[Opening Raw data section]

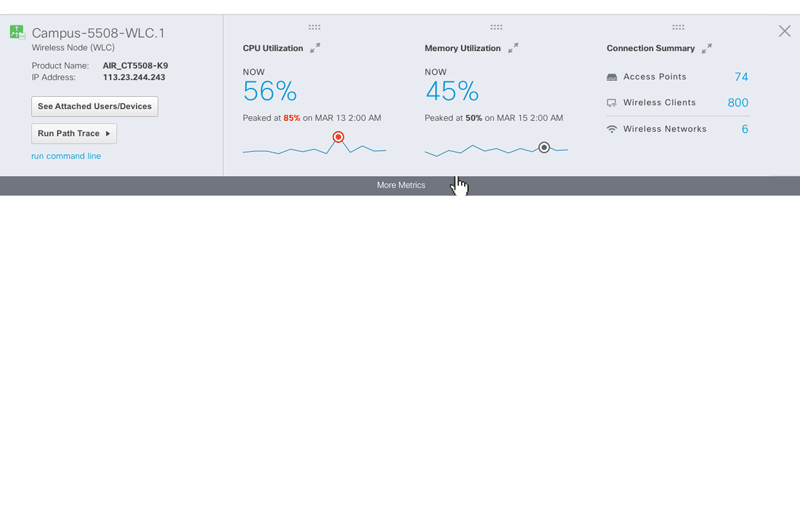 For Monitoring & Troubleshooting (M&T), we designed separate dashboards because wireless metrics are vastly different from wired metrics. Simply adding the wireless metrics to the original dashboard design would have yielded something overwhelming.
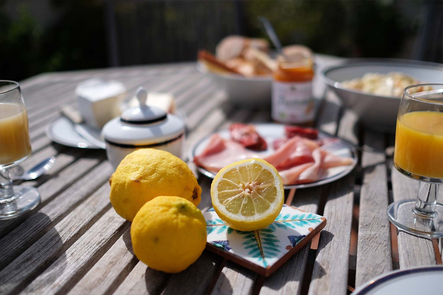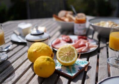 Die großzügige Terrasse im gemeinschaftlichen Bereich der Casa Limoni steht den Gästen beider Apartments zur Verfügung und lädt zum Verweilen und Genießen ein.
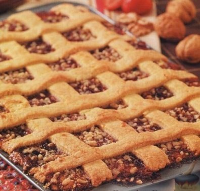 Яблука очищають і натирають на великій тертці. Ядра волоських горіхів подрібнюють. Половину тіста розкачують у пласт за величиною дека, на нього кладуть горіхи, яблука і посипають цукром. З решти тіста розкачують тонкі джгутики, кладуть їх на пиріг у вигляді решітки, яку змащують збитим яйцем, посипають горіхами, випікають.
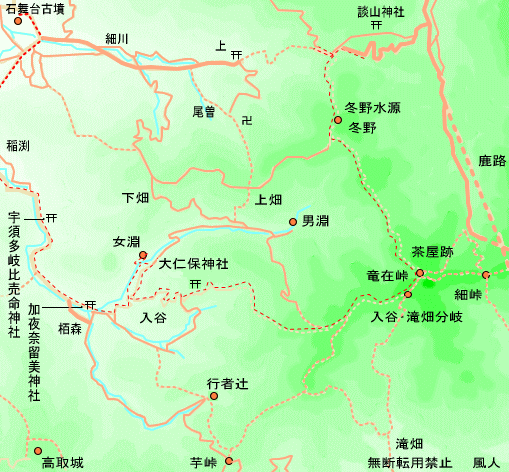 入谷(大仁保神社) → 女淵 → 栢森 → 稲渕 → 石舞台公園

[Closing Raw data section]

- **Task requirements**
Here the job is to print the data above exactly, except for any pictures.

- **Solution for this task**
 For Monitoring & Troubleshooting (M&T), we designed separate dashboards because wireless metrics are vastly different from wired metrics. Simply adding the wireless metrics to the original dashboard design would have yielded something overwhelming.
 Die großzügige Terrasse im gemeinschaftlichen Bereich der Casa Limoni steht den Gästen beider Apartments zur Verfügung und lädt zum Verweilen und Genießen ein.
 Яблука очищають і натирають на великій тертці. Ядра волоських горіхів подрібнюють. Половину тіста розкачують у пласт за величиною дека, на нього кладуть горіхи, яблука і посипають цукром. З решти тіста розкачують тонкі джгутики, кладуть їх на пиріг у вигляді решітки, яку змащують збитим яйцем, посипають горіхами, випікають.
 入谷(大仁保神社) → 女淵 → 栢森 → 稲渕 → 石舞台公園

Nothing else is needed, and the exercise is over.